Etwas zu beanstanden hatten die Brandschutz-Inspektoren nicht nur auf privat geführten Campingplätzen, sondern auch auf Anlagen, die sich (wie der hier abgebildete Campingplatz Altenbruch) in der Hand der städtischen Tochtergesellschaft Nordseeheilbad GmbH befinden. Foto: Koppe
Etwas zu beanstanden hatten die Brandschutz-Inspektoren nicht nur auf privat geführten Campingplätzen, sondern auch auf Anlagen, die sich (wie der hier abgebildete Campingplatz Altenbruch) in der Hand der städtischen Tochtergesellschaft Nordseeheilbad GmbH befinden. Foto: Koppe
Nach Brand im März

Cuxhaven: Campingplätze werden auf Brandschutz geprüft

von Kai Koppe | 10.09.2020

CUXHAVEN. Schlicht und ergreifend mehr Zeit wünschen sich örtliche Campingplatzbetreiber, die in Sachen Brandschutz nachbessern sollen.

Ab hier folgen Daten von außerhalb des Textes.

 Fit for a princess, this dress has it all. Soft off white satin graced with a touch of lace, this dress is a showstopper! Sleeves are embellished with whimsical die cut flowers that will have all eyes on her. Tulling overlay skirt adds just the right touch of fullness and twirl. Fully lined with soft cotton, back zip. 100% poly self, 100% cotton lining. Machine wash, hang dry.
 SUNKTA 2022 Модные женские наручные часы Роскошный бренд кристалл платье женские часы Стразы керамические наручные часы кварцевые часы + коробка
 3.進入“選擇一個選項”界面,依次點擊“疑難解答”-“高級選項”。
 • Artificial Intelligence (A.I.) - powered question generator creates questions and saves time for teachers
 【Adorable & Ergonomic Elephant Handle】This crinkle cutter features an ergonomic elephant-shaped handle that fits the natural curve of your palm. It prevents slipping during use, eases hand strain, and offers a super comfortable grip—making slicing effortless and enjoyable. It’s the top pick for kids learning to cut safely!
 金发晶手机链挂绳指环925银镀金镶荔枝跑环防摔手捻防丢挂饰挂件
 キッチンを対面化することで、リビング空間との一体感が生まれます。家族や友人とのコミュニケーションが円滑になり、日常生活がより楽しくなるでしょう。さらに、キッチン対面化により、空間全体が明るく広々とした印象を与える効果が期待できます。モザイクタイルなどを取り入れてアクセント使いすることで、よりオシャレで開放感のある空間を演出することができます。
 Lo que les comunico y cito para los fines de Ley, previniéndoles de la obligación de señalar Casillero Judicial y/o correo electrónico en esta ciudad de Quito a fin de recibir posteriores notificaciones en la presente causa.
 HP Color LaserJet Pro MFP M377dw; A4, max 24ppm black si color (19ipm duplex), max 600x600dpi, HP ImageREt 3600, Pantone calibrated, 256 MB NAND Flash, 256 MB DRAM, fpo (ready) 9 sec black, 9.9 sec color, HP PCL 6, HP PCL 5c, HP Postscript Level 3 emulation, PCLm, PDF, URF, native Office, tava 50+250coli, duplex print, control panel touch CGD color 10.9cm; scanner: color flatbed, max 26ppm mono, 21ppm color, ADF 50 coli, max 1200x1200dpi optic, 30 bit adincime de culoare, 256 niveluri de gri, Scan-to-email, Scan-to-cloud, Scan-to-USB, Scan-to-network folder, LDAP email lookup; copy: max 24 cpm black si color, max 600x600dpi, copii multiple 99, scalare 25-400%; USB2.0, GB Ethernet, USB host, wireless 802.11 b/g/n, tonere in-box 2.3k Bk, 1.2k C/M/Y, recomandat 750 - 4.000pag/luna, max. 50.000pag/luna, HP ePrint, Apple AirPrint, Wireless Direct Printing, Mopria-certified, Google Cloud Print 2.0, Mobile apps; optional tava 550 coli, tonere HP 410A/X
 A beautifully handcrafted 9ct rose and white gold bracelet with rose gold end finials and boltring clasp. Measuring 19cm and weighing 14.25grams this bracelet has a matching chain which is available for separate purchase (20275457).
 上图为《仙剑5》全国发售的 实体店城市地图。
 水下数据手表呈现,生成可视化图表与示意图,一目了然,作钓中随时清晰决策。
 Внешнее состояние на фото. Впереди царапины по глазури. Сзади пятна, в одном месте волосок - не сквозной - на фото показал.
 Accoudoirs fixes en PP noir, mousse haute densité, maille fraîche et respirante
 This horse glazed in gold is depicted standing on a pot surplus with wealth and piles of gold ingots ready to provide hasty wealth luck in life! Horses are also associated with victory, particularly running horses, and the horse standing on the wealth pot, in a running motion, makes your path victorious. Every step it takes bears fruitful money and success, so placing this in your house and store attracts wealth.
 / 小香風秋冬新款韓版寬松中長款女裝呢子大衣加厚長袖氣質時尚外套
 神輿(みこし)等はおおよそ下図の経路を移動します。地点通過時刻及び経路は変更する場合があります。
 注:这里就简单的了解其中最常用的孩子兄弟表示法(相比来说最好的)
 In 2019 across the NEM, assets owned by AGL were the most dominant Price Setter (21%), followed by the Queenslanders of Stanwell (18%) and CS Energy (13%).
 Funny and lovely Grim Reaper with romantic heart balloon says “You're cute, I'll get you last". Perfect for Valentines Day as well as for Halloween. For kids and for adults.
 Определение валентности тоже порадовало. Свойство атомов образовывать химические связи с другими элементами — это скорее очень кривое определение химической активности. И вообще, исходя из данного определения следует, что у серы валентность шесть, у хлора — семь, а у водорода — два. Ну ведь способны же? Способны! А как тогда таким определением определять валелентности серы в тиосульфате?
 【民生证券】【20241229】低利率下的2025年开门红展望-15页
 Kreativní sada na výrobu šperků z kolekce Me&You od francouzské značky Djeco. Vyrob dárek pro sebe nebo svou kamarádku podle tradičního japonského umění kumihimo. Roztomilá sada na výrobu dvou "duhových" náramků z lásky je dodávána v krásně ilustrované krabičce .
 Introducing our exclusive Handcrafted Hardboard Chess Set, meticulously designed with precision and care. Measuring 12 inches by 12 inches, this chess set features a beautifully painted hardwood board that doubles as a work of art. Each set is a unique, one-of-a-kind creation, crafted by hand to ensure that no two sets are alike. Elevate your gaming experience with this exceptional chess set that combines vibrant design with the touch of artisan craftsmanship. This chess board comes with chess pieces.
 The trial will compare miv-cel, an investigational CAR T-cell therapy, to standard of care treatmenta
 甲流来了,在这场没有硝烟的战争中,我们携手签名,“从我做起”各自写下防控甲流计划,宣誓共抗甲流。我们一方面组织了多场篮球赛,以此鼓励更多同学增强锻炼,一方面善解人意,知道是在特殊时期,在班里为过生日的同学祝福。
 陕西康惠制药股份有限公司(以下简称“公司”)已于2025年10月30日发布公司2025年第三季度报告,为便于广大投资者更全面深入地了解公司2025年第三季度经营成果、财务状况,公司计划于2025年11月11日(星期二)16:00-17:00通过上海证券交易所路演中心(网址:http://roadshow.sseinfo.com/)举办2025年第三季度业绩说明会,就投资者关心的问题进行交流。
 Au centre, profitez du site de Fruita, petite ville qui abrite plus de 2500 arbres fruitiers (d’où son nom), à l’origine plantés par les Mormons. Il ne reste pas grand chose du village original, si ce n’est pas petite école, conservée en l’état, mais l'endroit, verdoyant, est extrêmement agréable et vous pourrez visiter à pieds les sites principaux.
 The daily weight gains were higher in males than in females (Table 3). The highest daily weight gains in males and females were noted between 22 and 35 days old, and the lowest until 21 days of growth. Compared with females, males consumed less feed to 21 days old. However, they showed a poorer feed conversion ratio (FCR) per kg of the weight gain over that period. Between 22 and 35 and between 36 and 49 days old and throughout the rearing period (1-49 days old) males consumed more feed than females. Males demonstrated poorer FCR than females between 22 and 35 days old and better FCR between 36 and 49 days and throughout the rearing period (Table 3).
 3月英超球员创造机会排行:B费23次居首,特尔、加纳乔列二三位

Das brachten einige der Betroffenen in der jüngsten Sitzung des Ausschusses für Feuerwehr, Sicherheit und Ordnung zum Ausdruck. In Reaktion auf einen Brand im Kurteil Duhnen (s. Infokasten) hatte sich die Verwaltung dazu entschlossen, die Plätze im Stadtgebiet zu überprüfen. Betreiber erhielten nach einer Begehung eine individuelle Mängelliste - begleitet mit der Aufforderung, kurzfristig Abhilfe zu schaffen: So fasste Ausschussmitglied Volker Kosch am Mittwoch die Chronologie der Ereignisse zusammen.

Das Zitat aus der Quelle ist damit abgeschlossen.